AVAILABLE DATA:
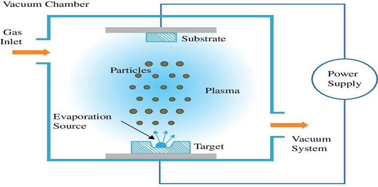 Physical vapor deposition (PVD) is a process applied to the synthesis of ultra-thin films and surface coatings. It is used to produce metal vapor that can be deposited on the conductive layer as ultra-thin films and alloy coatings. The whole process is carried in a vacuum held in a vacuum chamber about 10−6 torr from a cathodic-arc source. In a clean atmosphere, vacuum deposition is held in the chamber and the metals are deposited as wider or sputtered in the localized area. Reactive PVD is designed in a method to deposit metal on the surface and reactive gas such as oxygen, nitrogen, or methane passed in the vacuum chamber. Plasma, the high energetic beam bombards the metal surfaces ensuring hard and dense coating. Using this method, we can synthesis nano-particles and allow to fabricate nanocomposites. Thin film formation is characterized by the metal ions in the vapor phase obtained from condense phase and return back to condense phase of thin films [30]. The PVD includes evaporation and a sputtering process to fabricate thin films. The procedure for PVD includes sputtering process that is carryover in the vapor phase under supersaturation. In an inert atmosphere the metal vapors are promoted to condense phase, and it is subjected to thermal treatment to get nanocomposites. The advantage of the PVD techniques include (i) having improved properties as compared with the substrate material; (ii) inorganic and few organic materials are used, and it is an ecofriendly approach as compared to electroplating technique. This technique also faces few difficulties such as (i) coating with complex structures; (ii) it is not cost-effective and produces a low output; and (iii) it is a complex process.
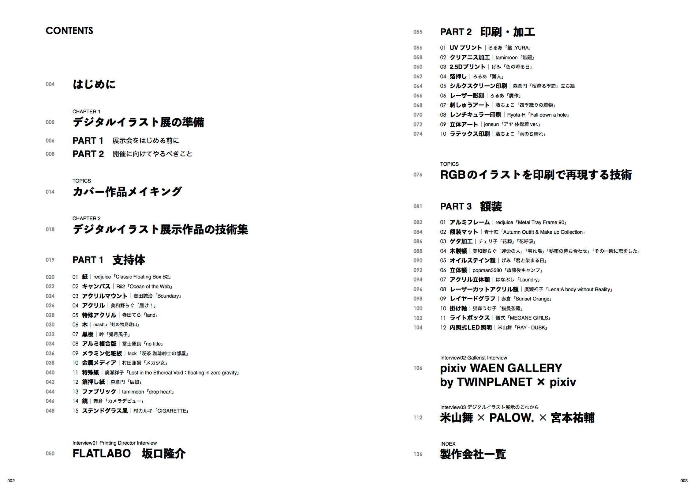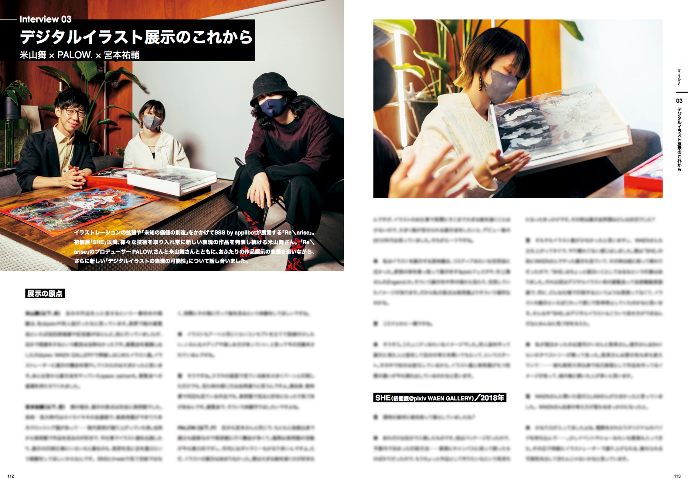 デジタルイラスト展を支えるFLATLABO、pixiv WAEN GALLERYのインタビュー、巻末にはさまざまな印刷技術と表現方法を開拓してきたSSS by applibotの米山舞さん、PALOW.さんとの特別対談「デジタルイラスト展示のこれから」とその作品群を収録。
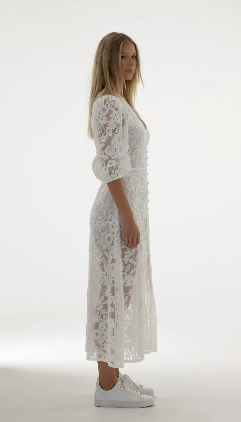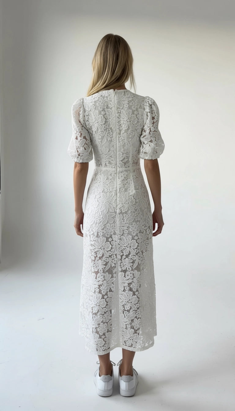 Elegant en tijdloos, een prachtige jurk met applicaties en borduurwerk van katoen.
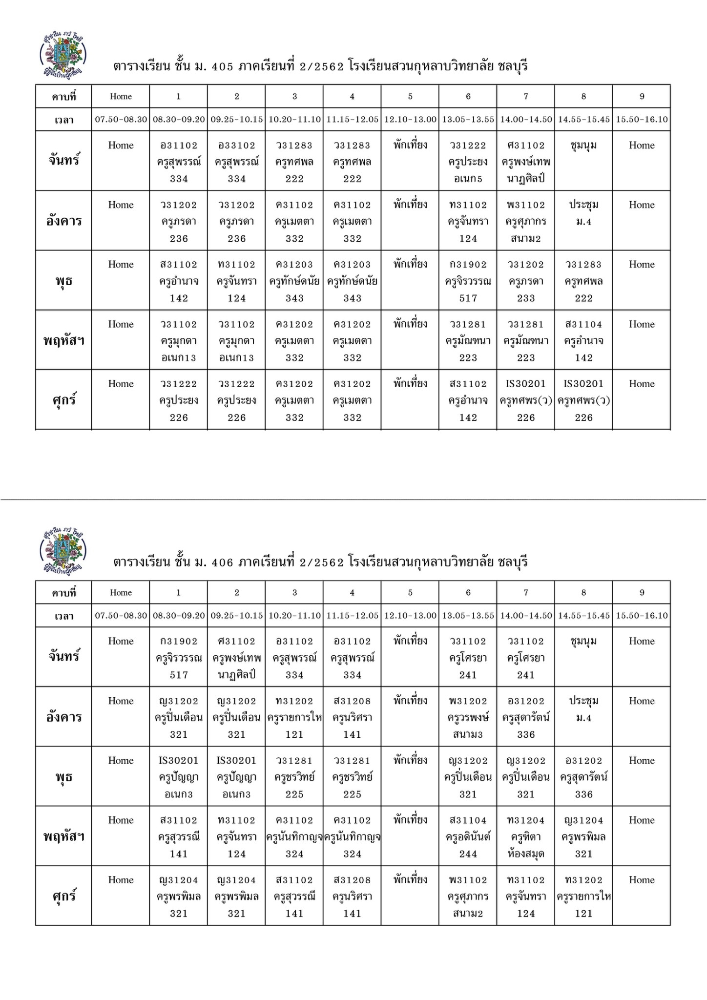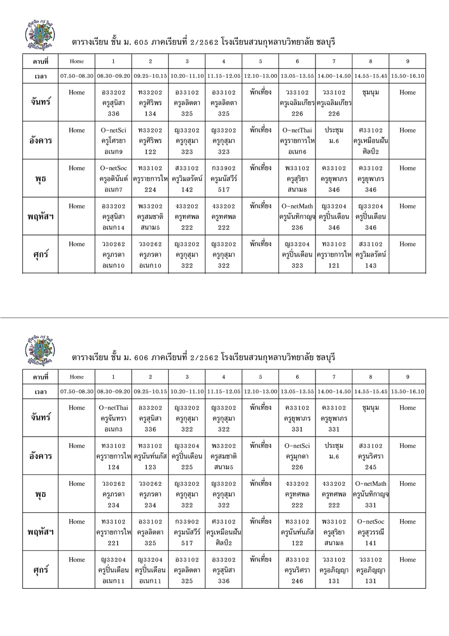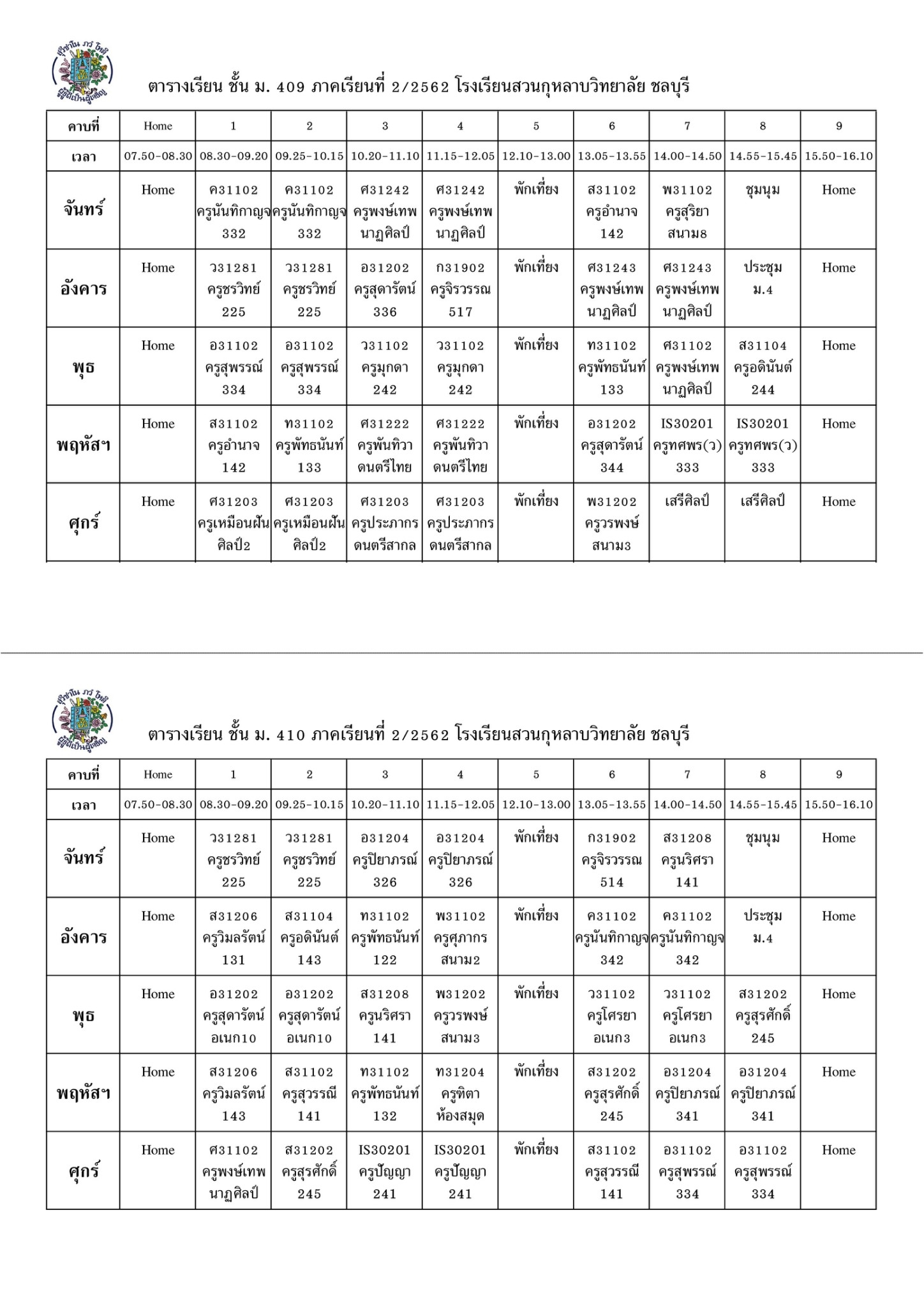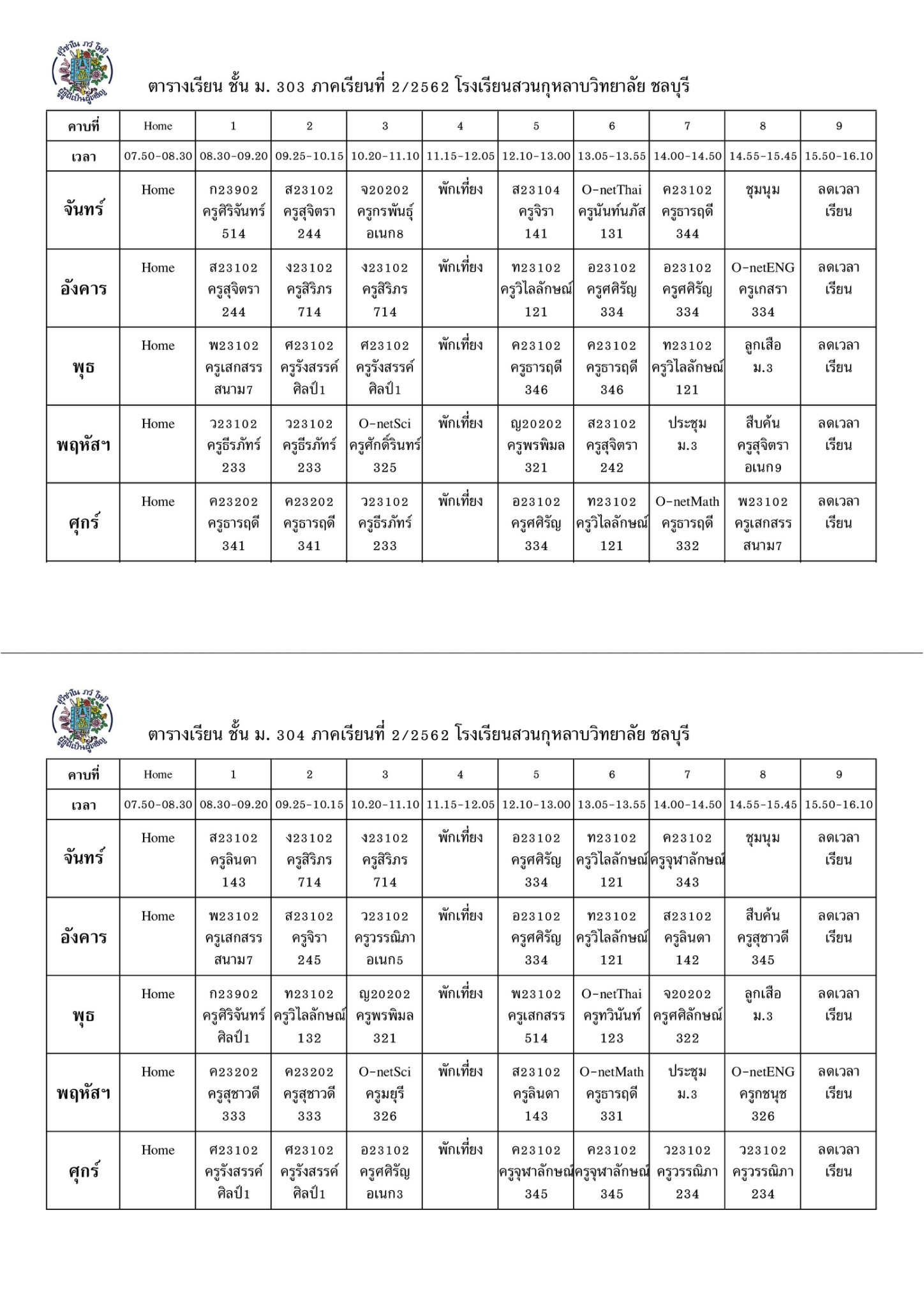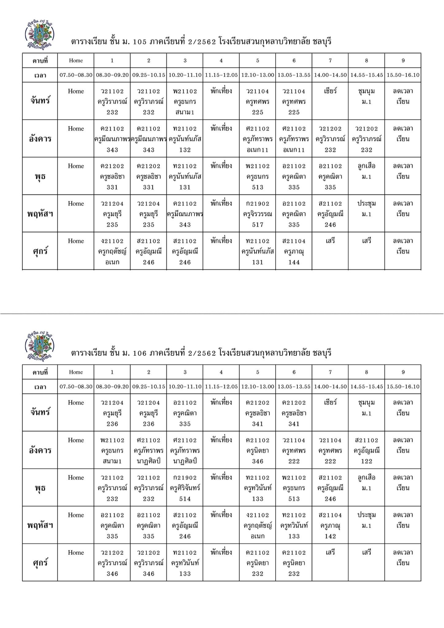 ตรวจสอบตารางเรียนของนักเรียนแต่ละระดับชั้น ประจำปีการศึกษา 2/2562

WHAT YOU WILL DO: Your answer must be the full listing, copied exactly, with no pictures in it.

ANSWER BOX:
 Physical vapor deposition (PVD) is a process applied to the synthesis of ultra-thin films and surface coatings. It is used to produce metal vapor that can be deposited on the conductive layer as ultra-thin films and alloy coatings. The whole process is carried in a vacuum held in a vacuum chamber about 10−6 torr from a cathodic-arc source. In a clean atmosphere, vacuum deposition is held in the chamber and the metals are deposited as wider or sputtered in the localized area. Reactive PVD is designed in a method to deposit metal on the surface and reactive gas such as oxygen, nitrogen, or methane passed in the vacuum chamber. Plasma, the high energetic beam bombards the metal surfaces ensuring hard and dense coating. Using this method, we can synthesis nano-particles and allow to fabricate nanocomposites. Thin film formation is characterized by the metal ions in the vapor phase obtained from condense phase and return back to condense phase of thin films [30]. The PVD includes evaporation and a sputtering process to fabricate thin films. The procedure for PVD includes sputtering process that is carryover in the vapor phase under supersaturation. In an inert atmosphere the metal vapors are promoted to condense phase, and it is subjected to thermal treatment to get nanocomposites. The advantage of the PVD techniques include (i) having improved properties as compared with the substrate material; (ii) inorganic and few organic materials are used, and it is an ecofriendly approach as compared to electroplating technique. This technique also faces few difficulties such as (i) coating with complex structures; (ii) it is not cost-effective and produces a low output; and (iii) it is a complex process.
 デジタルイラスト展を支えるFLATLABO、pixiv WAEN GALLERYのインタビュー、巻末にはさまざまな印刷技術と表現方法を開拓してきたSSS by applibotの米山舞さん、PALOW.さんとの特別対談「デジタルイラスト展示のこれから」とその作品群を収録。
 Elegant en tijdloos, een prachtige jurk met applicaties en borduurwerk van katoen.
 ตรวจสอบตารางเรียนของนักเรียนแต่ละระดับชั้น ประจำปีการศึกษา 2/2562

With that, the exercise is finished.